> _SOURCE INFORMATION_
***
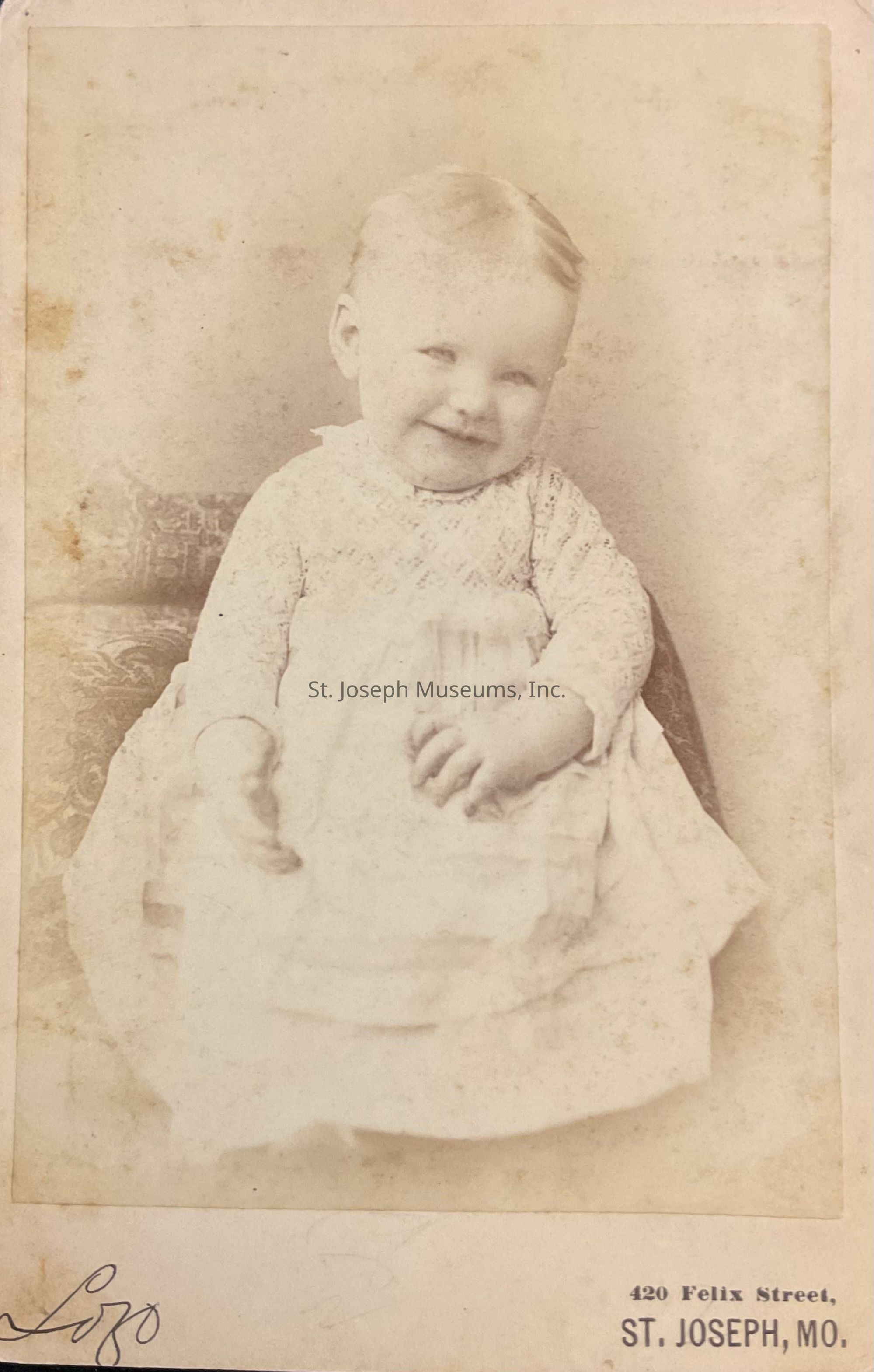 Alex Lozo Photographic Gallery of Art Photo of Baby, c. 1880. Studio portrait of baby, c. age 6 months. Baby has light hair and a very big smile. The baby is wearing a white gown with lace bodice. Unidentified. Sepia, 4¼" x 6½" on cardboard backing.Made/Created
***
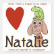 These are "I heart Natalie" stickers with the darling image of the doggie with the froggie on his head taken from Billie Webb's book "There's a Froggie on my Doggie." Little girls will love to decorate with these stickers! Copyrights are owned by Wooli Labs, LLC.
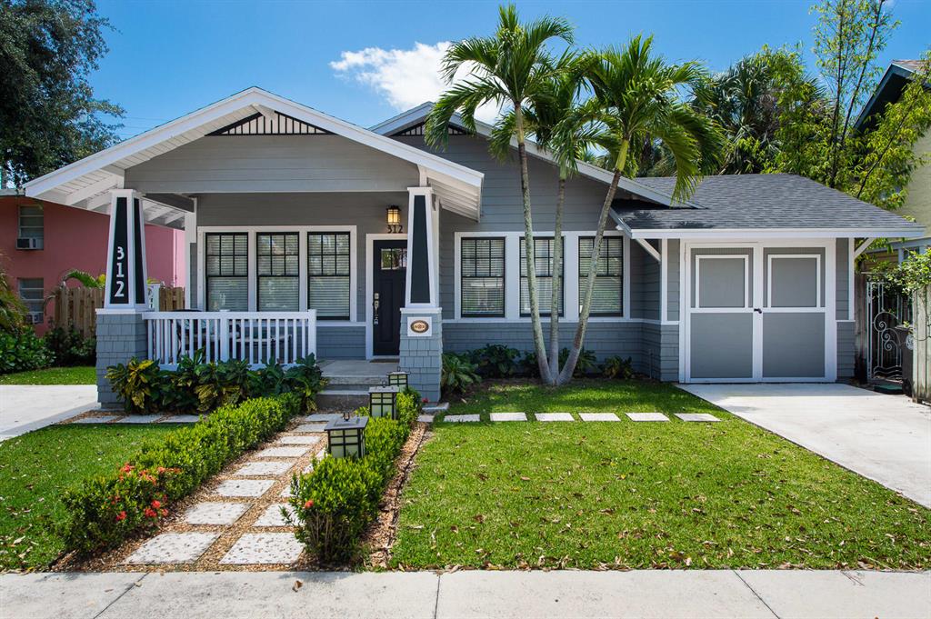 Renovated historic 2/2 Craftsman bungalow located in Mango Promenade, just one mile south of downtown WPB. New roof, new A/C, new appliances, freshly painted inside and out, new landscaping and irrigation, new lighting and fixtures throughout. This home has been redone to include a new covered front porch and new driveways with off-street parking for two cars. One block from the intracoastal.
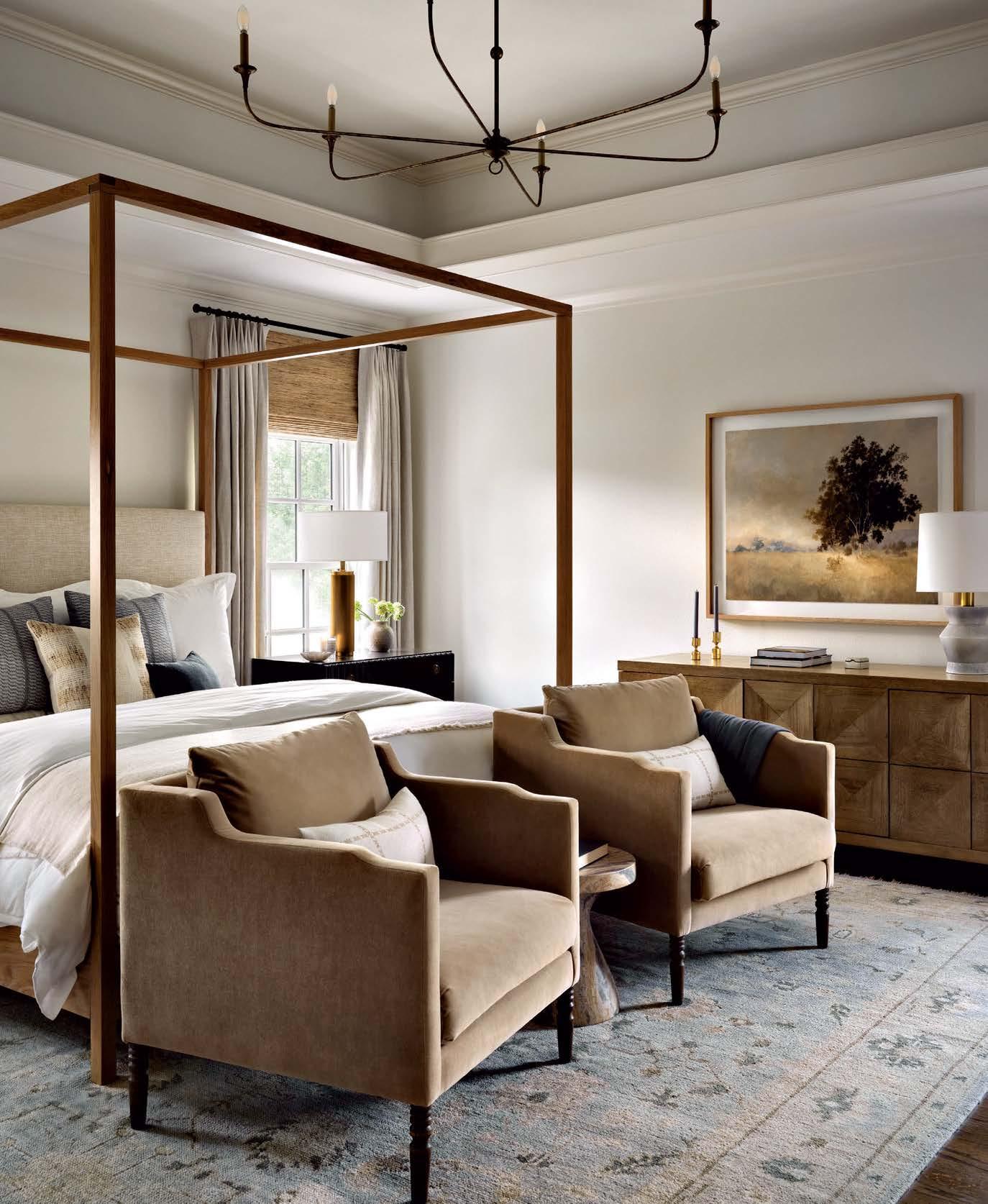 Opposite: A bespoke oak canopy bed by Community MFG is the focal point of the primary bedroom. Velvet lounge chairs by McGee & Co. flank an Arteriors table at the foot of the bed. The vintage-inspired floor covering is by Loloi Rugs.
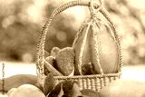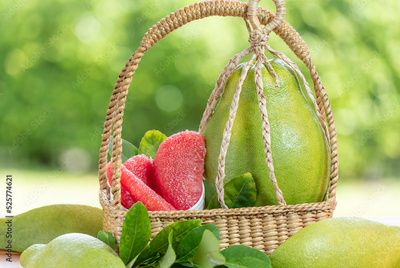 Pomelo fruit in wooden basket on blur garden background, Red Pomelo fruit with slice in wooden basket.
***
> _ABOUT THIS EXERCISE_
Write down exactly what the lines above say, from the line holding "Opposite: A bespoke" through the line holding "Pomelo fruit in", and nothing more. Do not copy the pictures.

> _TASK OUTPUT_
 Opposite: A bespoke oak canopy bed by Community MFG is the focal point of the primary bedroom. Velvet lounge chairs by McGee & Co. flank an Arteriors table at the foot of the bed. The vintage-inspired floor covering is by Loloi Rugs.
 Pomelo fruit in wooden basket on blur garden background, Red Pomelo fruit with slice in wooden basket.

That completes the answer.